-- Data follows --
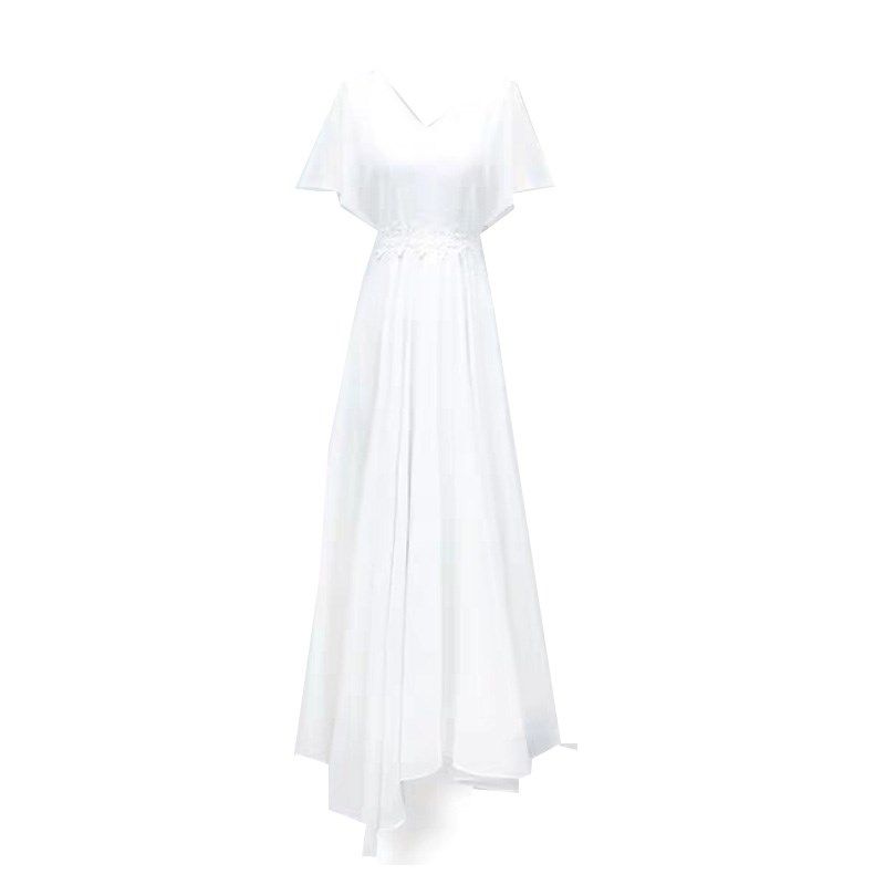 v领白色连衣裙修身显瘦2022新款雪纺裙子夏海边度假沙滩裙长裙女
-- Data concluded --
-- Data follows --
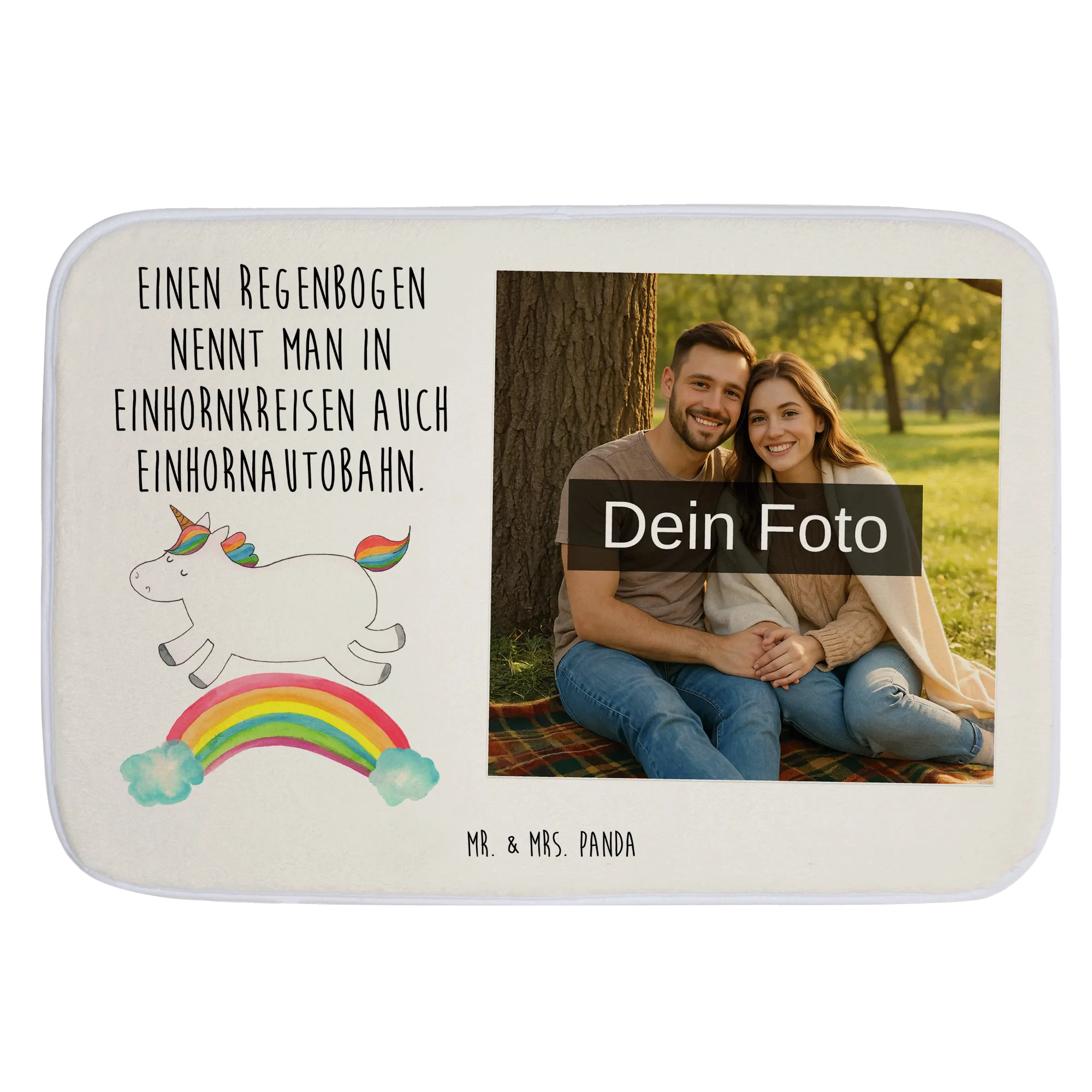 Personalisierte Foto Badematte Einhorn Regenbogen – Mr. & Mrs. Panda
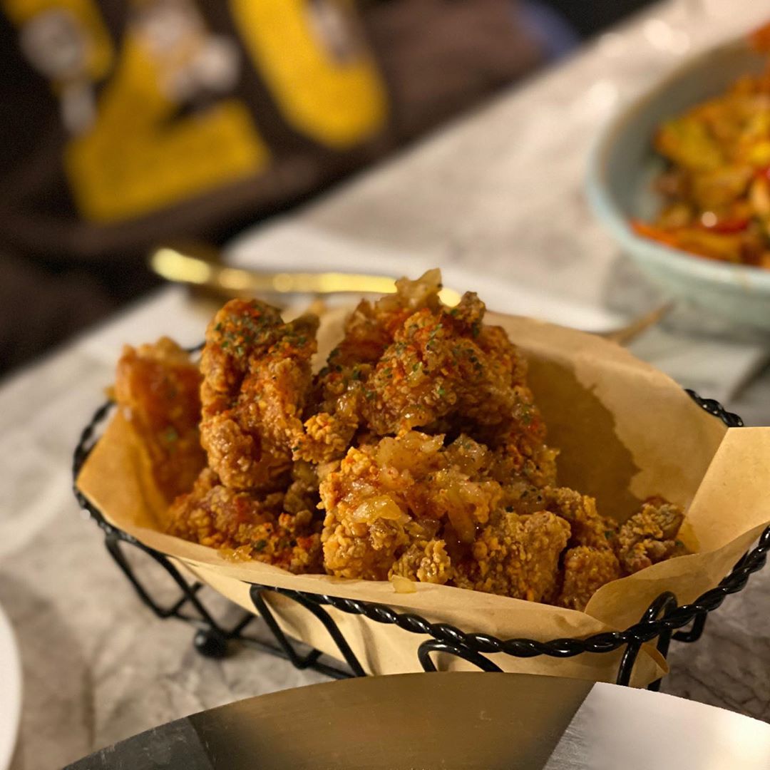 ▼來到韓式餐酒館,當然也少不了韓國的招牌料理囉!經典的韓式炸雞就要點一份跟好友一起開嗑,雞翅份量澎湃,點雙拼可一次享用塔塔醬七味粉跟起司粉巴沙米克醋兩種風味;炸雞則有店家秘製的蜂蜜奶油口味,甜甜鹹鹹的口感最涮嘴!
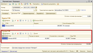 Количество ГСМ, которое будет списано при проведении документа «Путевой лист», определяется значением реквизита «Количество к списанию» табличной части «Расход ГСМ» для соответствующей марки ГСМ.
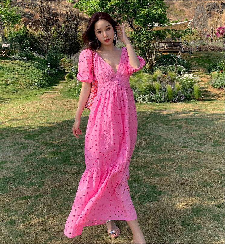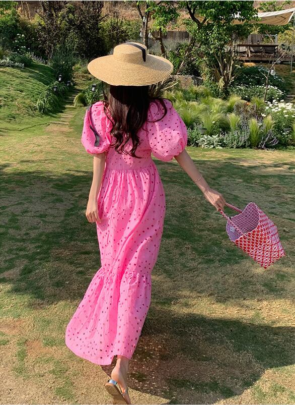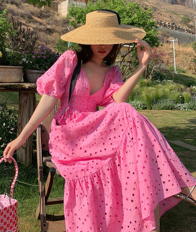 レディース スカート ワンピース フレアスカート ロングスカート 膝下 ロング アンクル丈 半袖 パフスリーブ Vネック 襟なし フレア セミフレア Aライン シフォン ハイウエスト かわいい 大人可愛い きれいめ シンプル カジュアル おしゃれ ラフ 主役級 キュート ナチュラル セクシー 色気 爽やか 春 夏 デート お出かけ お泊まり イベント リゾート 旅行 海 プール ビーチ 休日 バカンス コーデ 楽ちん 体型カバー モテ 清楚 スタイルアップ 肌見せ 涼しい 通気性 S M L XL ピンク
-- Data concluded --
» Work instruction
Leave out the images and write out the lines above exactly, from the one with "Personalisierte Foto Badematte" up to and including the one with "Количество ГСМ, которое".

» Task solution
 Personalisierte Foto Badematte Einhorn Regenbogen – Mr. & Mrs. Panda
 ▼來到韓式餐酒館,當然也少不了韓國的招牌料理囉!經典的韓式炸雞就要點一份跟好友一起開嗑,雞翅份量澎湃,點雙拼可一次享用塔塔醬七味粉跟起司粉巴沙米克醋兩種風味;炸雞則有店家秘製的蜂蜜奶油口味,甜甜鹹鹹的口感最涮嘴!
 Количество ГСМ, которое будет списано при проведении документа «Путевой лист», определяется значением реквизита «Количество к списанию» табличной части «Расход ГСМ» для соответствующей марки ГСМ.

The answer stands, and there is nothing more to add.